Остановившись у обезглавленной церкви Вознесения, где ныне – Клуб пролетарских сапожников имени Предреввоенсовета товарища Ворошилова, беспартбилетник вдруг вспомнил, что он был здесь в среду вечером. Глаза его растерянно блуждали. Он подошел к облупленной цилиндрической урне, стоявшей возле входа в клуб и, оглянувшись по сторонам, опустил в нее свой печальный взгляд. Кроме двух папиросных окурков, старой газеты, и расплывшихся плевков, в урне ничего не оказалось. Ираклий Давыдович глубоко вздохнул, прислонился к холодной клубной стене из красного кирпича и жутко вздрогнул. «Что же теперь будет? А?»
В голове бесами крутились "о", "г", "п", "у". В душе копошился страх. В висках стучало отчаяние. «Все равно узнают. Иди к ним. Иди. Ты сам должен туда идти. Расскажи им все... А вдруг?..»
Товарищ Суржанский взглядом затравленного волка следил за редкими прохожими, внимательно смотрел в их безучастные лица, будто ждал ответа на самый главный вопрос: «Вы не знаете, что теперь со мной будет?» Придавленный собственным бессилием и безысходностью, он опустился на грязные ступеньки клуба, машинально извлек из кармана пальто папиросу и закурил.
– Что c вами, гражданин? – без особого интереса спросил вышедший из клуба молодой человек c бананововидным носом и c выражением пролетарского сапожника на лице.
– Что? – поняв, что к нему обратились, произнес Ираклий Давыдович. – А? Да...
– Вам плохо? – c юношеской назойливостью поинтересовался банановый нос.
– Нет, нет. Я... понимаете... – забормотал Ираклий Давыдович. – Я... я.. потерял... Вы, понимаете, я потерял партийный билет!
Это «партийный билет» было сказано так торжественно, что по всей площади Подрастающего поколения пронеслось звучное эхо, разбудившее даже сторожа производственного кооператива «Светоч революции» – хитрого Митрича.
– Как? Партбилет? – в ужасе воскликнул молодой человек и исчез так же неожиданно, как и появился.

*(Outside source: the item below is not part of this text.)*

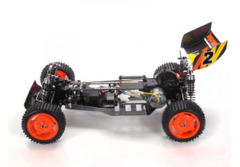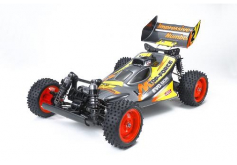 This R/C model assembly kit is a re-released and updated version of Top-Force EVO., first released in 1992. Its lightweight and highly rigid double deck frame covers front/rear gearboxes with 2mm thickness carbon fiber upper and lower plates, and facilitates easy maintenance.
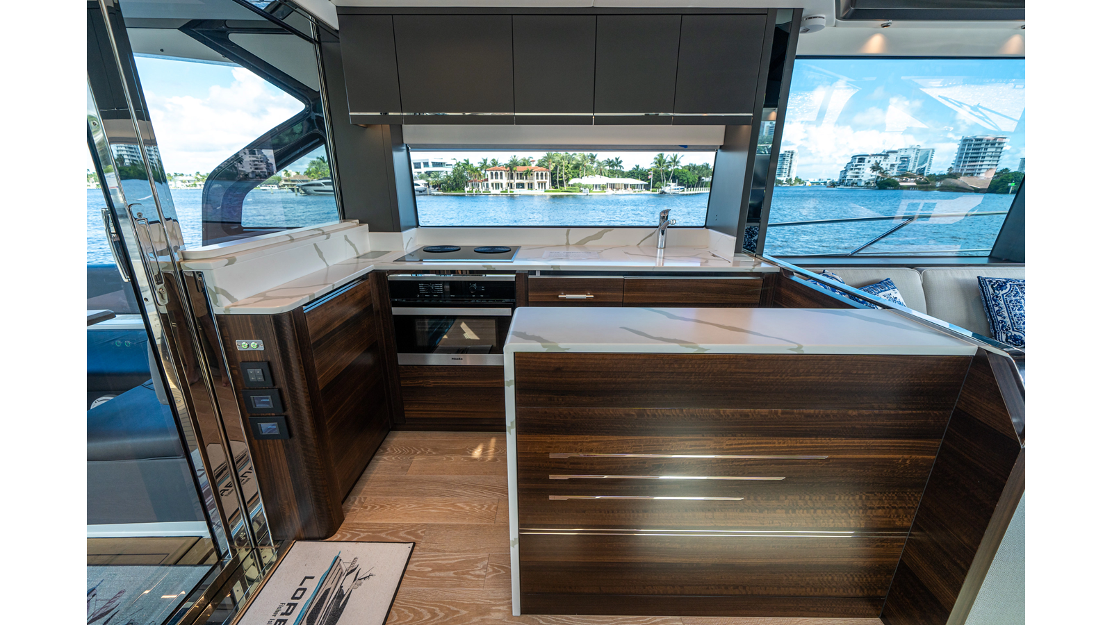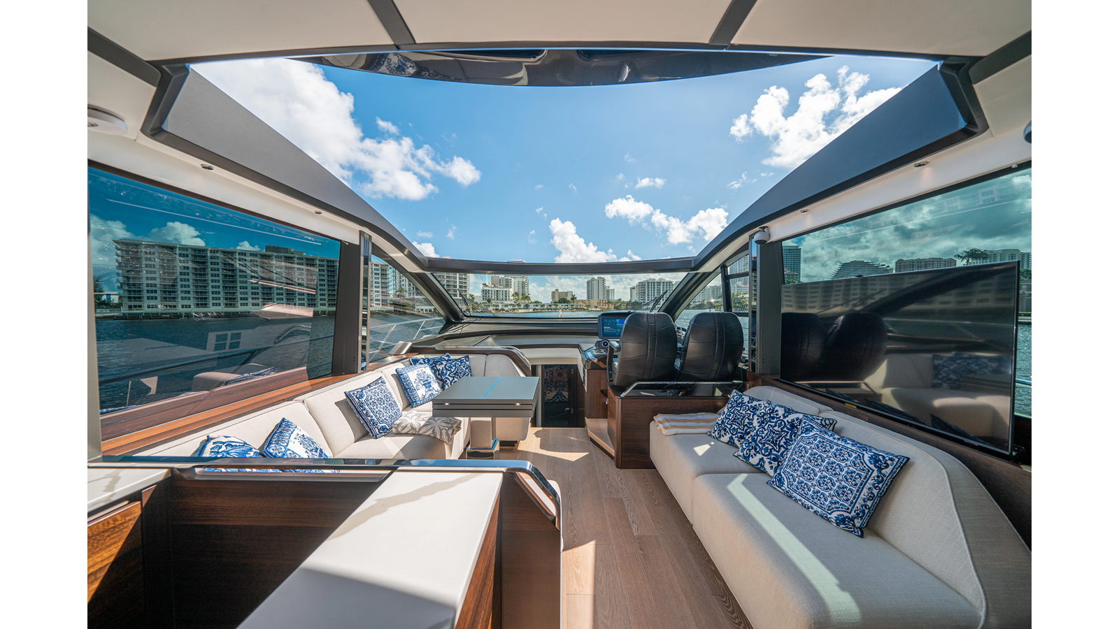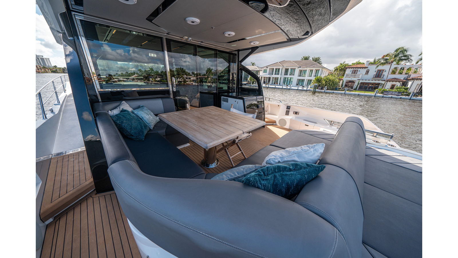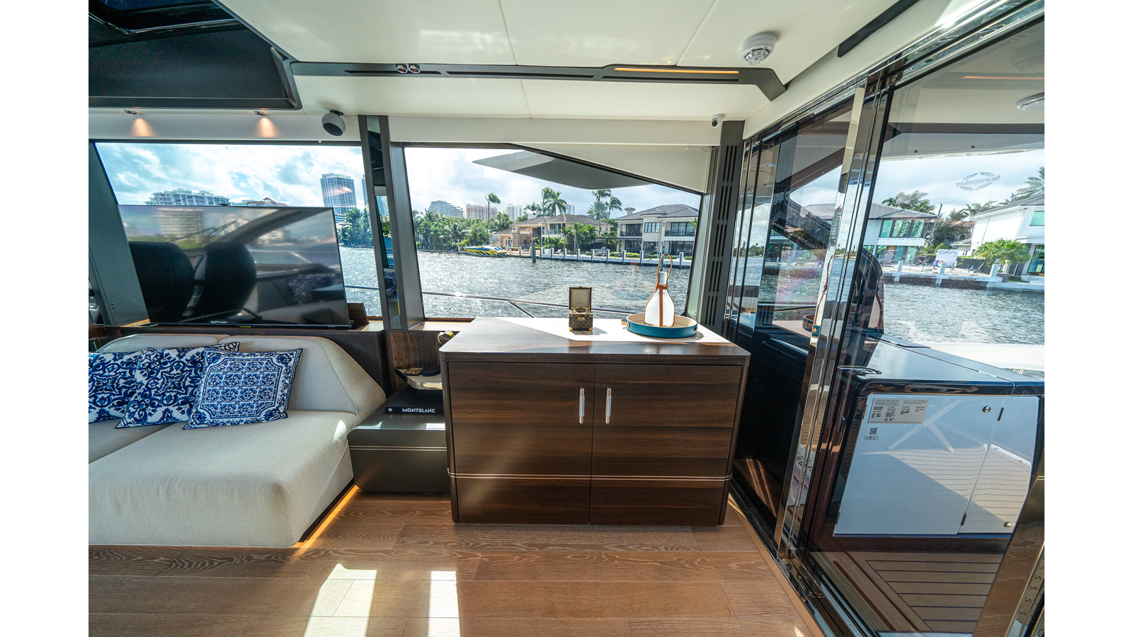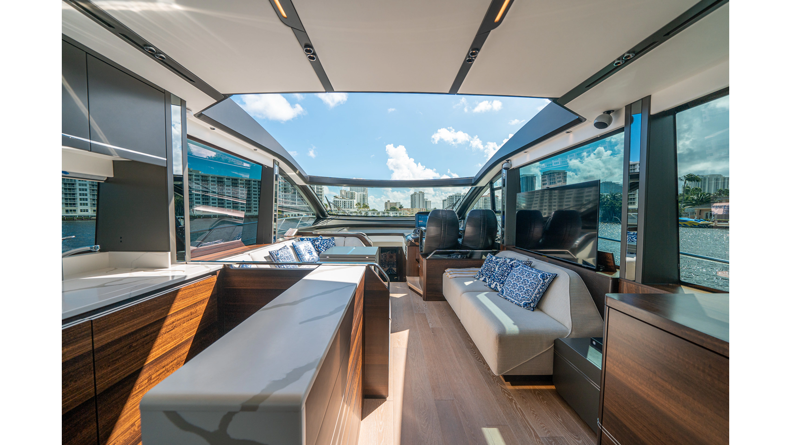 - Upgraded audio system featuring 16 JL Audio M6 speakers throughout bow, stern, and salon, powered by high-output amplifiers

«Все. Это – конец! – зашептал человек на ступеньках клуба. – Ты не можешь, Боже, так жестоко мучить старого коммуниста. Ведь так? Так. Ты не можешь, о Боже, уничтожить служившего народу верой и правдой! Нет. Ведь так? Так. Это все не со мной. Или партия дала, партия и взяла? А, Боже?»
Вскоре на площади Подрастающего поколения можно было слышать звонкое постукивание зубов, судорожные всхлипывания и, наконец, яростные рыдания. Слезы текли из мутных глаз ниагарским водопадом, разливались по площади, волнами бились о стены из красного кирпича. Над головой повис карающий меч Немезиды.

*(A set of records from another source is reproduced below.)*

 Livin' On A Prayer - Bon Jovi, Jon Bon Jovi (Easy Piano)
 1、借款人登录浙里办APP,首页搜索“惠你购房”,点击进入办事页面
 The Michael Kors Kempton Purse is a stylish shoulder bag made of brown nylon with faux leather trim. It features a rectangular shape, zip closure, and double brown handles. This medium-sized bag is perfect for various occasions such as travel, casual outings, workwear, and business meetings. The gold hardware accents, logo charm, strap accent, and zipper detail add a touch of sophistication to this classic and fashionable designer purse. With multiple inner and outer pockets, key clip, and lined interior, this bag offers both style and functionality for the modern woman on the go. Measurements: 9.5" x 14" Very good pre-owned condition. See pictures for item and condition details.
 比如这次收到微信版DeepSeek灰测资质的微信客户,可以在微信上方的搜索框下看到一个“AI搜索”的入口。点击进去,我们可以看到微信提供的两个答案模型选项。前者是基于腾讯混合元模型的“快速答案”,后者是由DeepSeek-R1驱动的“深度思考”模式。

Но когда утром солнце высунулось из-за облаков, и озеро слез на площади высохло, Ираклий Давыдович успокоился, встал и побрел по проспекту Диктатуры пролетариата. Через семнадцать минут он добрел до одинокого дома c колоннами и черной вывеской.
Глава V НАЙМИТ АНТАНТЫ
Как известно, у каждого трезвого гражданина Советской страны имеются две тени: собственная и ОГПУ. Одинокий дом немешаевского ОГПУ, окруженный высокой оградой из остроконечных пик, отбрасывал свою тень на то место, где в благодатные времена, когда барон Врангель был еще бароном, а господин Ульянов не был еще товарищем Лениным, зияла глубокая и грязная лужа. Тогда здание c колоннами занимало полицейское управление. Осенью, когда лужа выходила из берегов и вода подступала к порталу, обрамленному в то время ломанным обломом, служители закона, дабы не намочить полы шинелей и не испачкать яловые сапоги, пользовались услугами местного конюха-здоровяка Васьки Гулагина. Конюх, как сказочный великан, взваливал на свои здоровенные плечи стражей порядка на дальнем берегу лужи, переносил через воду и бережно опускал их на ступеньки управления. Стражи были довольны, давали пятак и, обтряхнувшись, ныряли в здание. Зимой, когда лужу затягивало льдом и она превращалась в зеркальный каток, услуги Васьки оставались невостребованными, и он влачил еще более, нежели осенью, не подкрепленную шабашными пятаками жизнь. После революции новые власти решили покончить со старорежимными безобразиями и перво-наперво сменили вывеску, затем вырыли водосток, заасфальтировали территорию, прилегающую к зданию, оградив ее высоким забором из стальных пик.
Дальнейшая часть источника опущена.